Над всем простором поля в чистом утреннем небе уже мелькали жаворонки и звонкие высокие трели раздавались с весенним ликованием. Как будто жизнь и в самом деле возродилась на земле из этого зноя, сделавшего пашню прахом, из этих страшных пожаров… Жизнь возродилась пока только в этой раннеутренней песне жаворонков, а люди пока спят, но ведь весна и начинается именно с этой песни!.. Все-таки какое это счастье — жить на этой земле, какое счастье!..

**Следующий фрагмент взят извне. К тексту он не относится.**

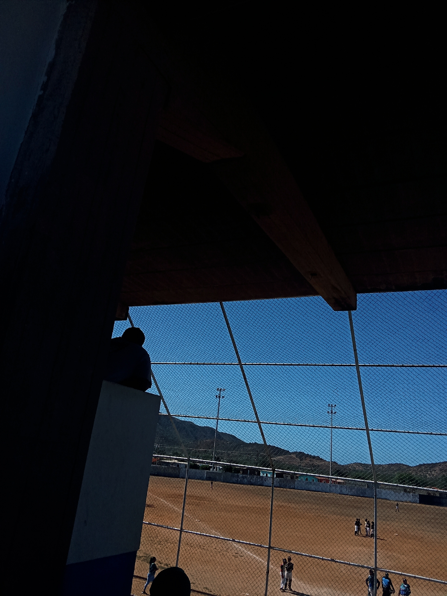 The image shows a baseball field in Juan Griego, Venezuela, viewed through a chain-link fence. The field is dirt, and several people are on it, including some who appear to be players in uniform. A mo…read more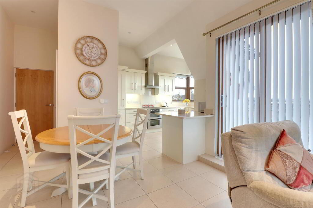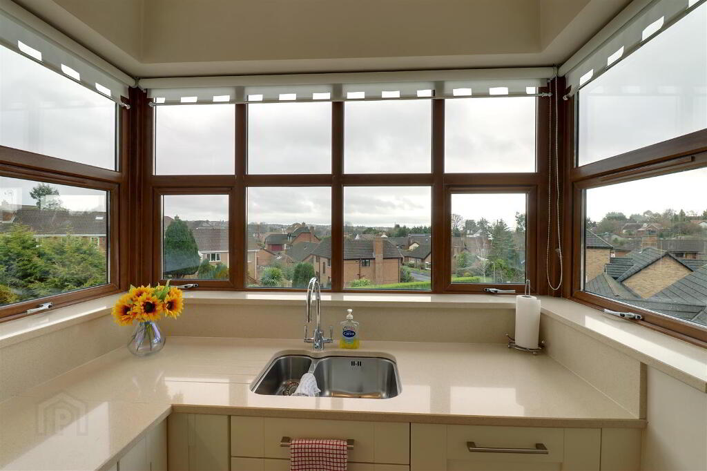 'Shaker' styler kitchen cabinets with granite work top and breakfast bar. 11/2 stainless steel sink with mixer taps. Integrated oven, hob and extractor fan. Integrated dishwasher. Integrated fridge freezer. Tiled floor. Recessed spotlights. Views.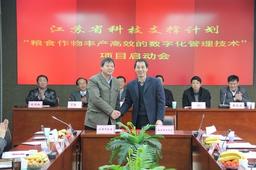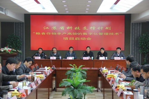 11月24日,由国家信息农业工程技术中心承担的江苏省科技支撑计划“粮食作物丰产高效的数字化管理技术”重大项目启动会暨2012年度工作部署会在威廉希尔中文网站平台召开。副省长、国家信息农业工程技术中心主任曹卫星教授、省科技厅副厅长李奇、公司副董事长丁艳锋,以及省科技厅农村处、校科研院相关领导、省农委作栽站等全省17个项目合作单位专家等,共计50余人参加了会议。会议由william威廉亚洲官方常务副经理戴廷波教授主持。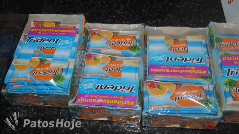 Quando os policiais chegaram, o jovem ainda estava com 4 tridents no bolso. As imagens das câmeras de segurança foram analisadas ficando constatado que ele havia furtado uma série de produtos no hipermercado no dia 28 de outubro. Diante disso, os policiais foram até a casa dele onde encontraram dezenas de tridents, cadeados, um alicate e R$240,00 em dinheiro.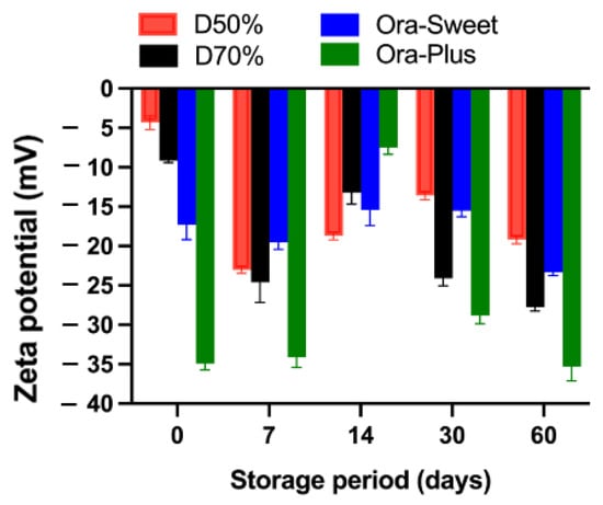 The zeta potential results for the different furosemide suspensions over the study period are presented in Figure 5. All suspensions had negative zeta potential values throughout the study period, with Dextrose 50% exhibiting the lowest negative zeta potential value initially (−4.32 mV), which became more negative over time, whereas Dextrose 70% maintained more negative values at different time points, suggesting better stability and a reduced tendency toward aggregation. Ora-Sweet had more consistent values and a higher degree of stability than the Dextrose-based suspensions. However, in comparison to all other compounded suspensions, Ora-Plus maintained the most negative values, starting at −34.9 mV and reaching −35.3 mV at the end of the study (day 60), suggesting higher electrostatic repulsion, greater particle dispersion, and superior stability compared with the other vehicle formulations.

Когда Алексей Петрович подошел ближе к деревне, к садам, то услышал и другую песню — грачиную. Грачи стаей вились над колхозным садом и кричали, кричали так же громко и зычно, как весной, когда прилетают на родные гнездовья и радуются. Видно, в мир и в самом деле приходит какая-то радость, радость, о которой пока догадываются только птицы, — ведь они вон как высоко летают!..
В деревне уже топили печи, над крышами поднимались дымы, под ветлами порхались куры и горланили петухи… Ведь они все тоже были вестниками наступающей жизни, вестниками грядущего, да и недаром говорится, что, покуда будет на земле хоть один петух, утро обязательно наступит.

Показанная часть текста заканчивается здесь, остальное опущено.